Answer. Well, as is so often true in life, “it depends.”
How Blogging Helps SEO Performance
Blogs help your SEO performance in three distinct ways:
#1 – a new blog post, and an active blog, send a “freshness signal” to Google that your website is alive and kicking. Obviously, there are MANY factors in the Google algorithm as to why one site will rank / outrank another… but one of the factors is freshness. New, and fresh content, help boost not just the blog post but the entire site. By “link sculpting” UP from the blog TO the website, you can assist your landing pages, by sending that freshness “from” the blog post “to” the landing pages.
#2 – blog posts allow you to target long tail or micro searches. So you can blog not just on “motorcycle insurance” (for example), but you can blog on “motorcycle insurance for high risk drivers” or “motorcycle insurance rates – how to compare them?” etc… LOTS of long tail and micro target possibilities.
#3 – content for social media and link-attraction. Great blog posts create excuses for press releases, content to share on social media, and can function as “link bait.”
Repurposing Old Blog Content for SEO
Now, the next part of the question, is why can’t we just recycle old content? Well, you can, and within reason, that’s not the end of the world as a strategy, but it’s far from optimal. One BIG THING to think about is… don’t you think that the SMART ENGINEERS at Google would be hip to any strategies to recycle / repurpose / reuse content not just from your own website, but also from others (e.g., syndicated content)? So, here –
- Option #1. If you REMOVE the old blog post and just REPOST is “as if” it is new… it’s not going to be very difficult for Google to realize that this is recycled content – they’re pretty smart, and their spiders / crawlers have “memory” about what’s on / what’s new to a site.
- Option #2. If you do NOT remove the old content and you REPOST / duplicate it, now you have a “duplicate content” problem on your website. Duplicate content can create a penalty.
- Option #3. If you RE-EDIT the content, and create a NEW or slightly modified post (retaining the original as well) … that’s better than the option above, as you now have two slightly different variations… but here you have to engage in the labor to create that blog post, so you’re defeating the purpose and junking up the website with lots of “nearly duplicate” content. If this is done “at scale,” now you have a lot of “nearly” duplicate content.

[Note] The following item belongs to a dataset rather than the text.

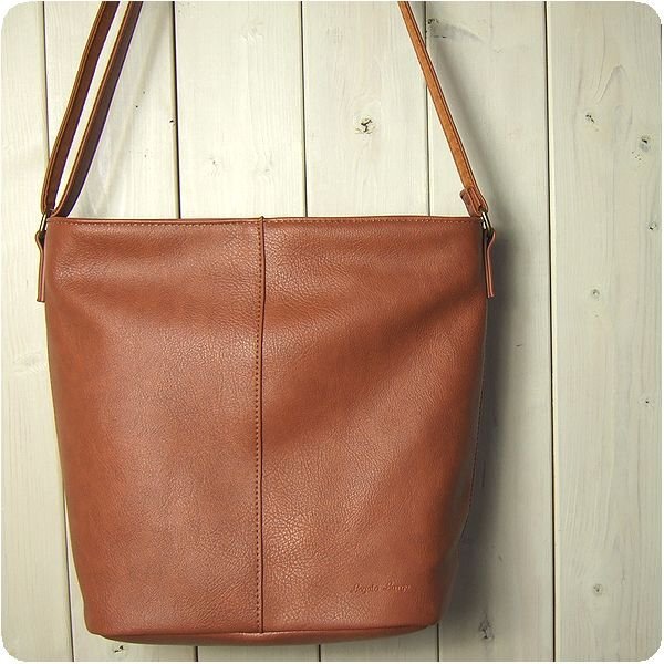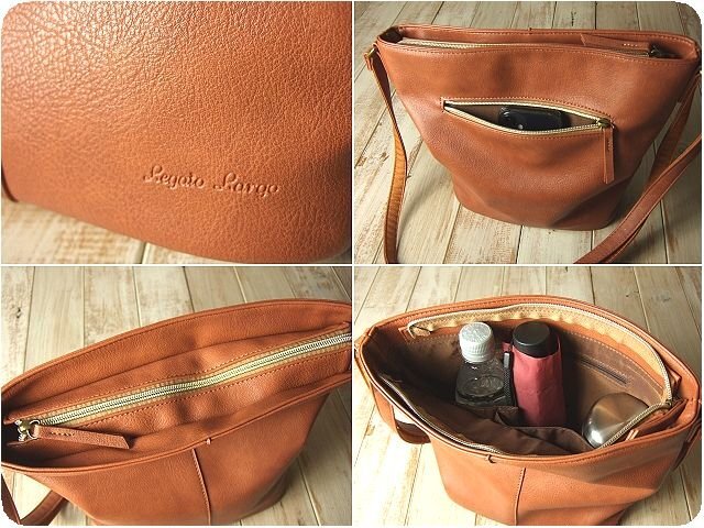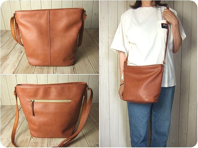 しっとりとしたレザーの質感にボディに馴染むバケツ型のフォルムが◎です。500mlのペットボトルや長財布などもしっかり収納でき、ゴールド系の金具もアクセントになっています。

The other tactic people use is to “buy” syndicated content (option #4), which is OK, but again you have a degree of duplicated content (because this syndicated content exists on other websites, too). So, in summary, I wouldn’t recommend repurposing the same blog content over and over again… it stands to reason that Google will figure this out, and (at a minimum) ignore it, and (at a maximum) penalize your site for duplicate / redundant content.
Oh, and by removing the old content and reposting it… you could gain a minor benefit, but another reason to blog is to EXPAND the website as a total animal. A BIGGER website is MORE IMPORTANT than a smaller website, so you’re losing a bit there, too.
The devil is in the details, here. How exactly can you “repost” old content without triggering problems? It causes downstream problems one way or another.
Man in the Street Blogging
A better thing to think about is how can we make our blogging faster, easier, and more productive for everyone in the company. One thing I often recommend for professional or technical sites is to blog in a “man in the street” fashion, so that some (or all) of your blog posts can be outsourced to professional bloggers. In this way, with a little SEO guidance, you can have an active blog but those posts can also be written more easily by lay people. An example of this strategy would be the Global Secur blog on international travel security. Those posts are real, informative, and yet written in a “man in the street” fashion.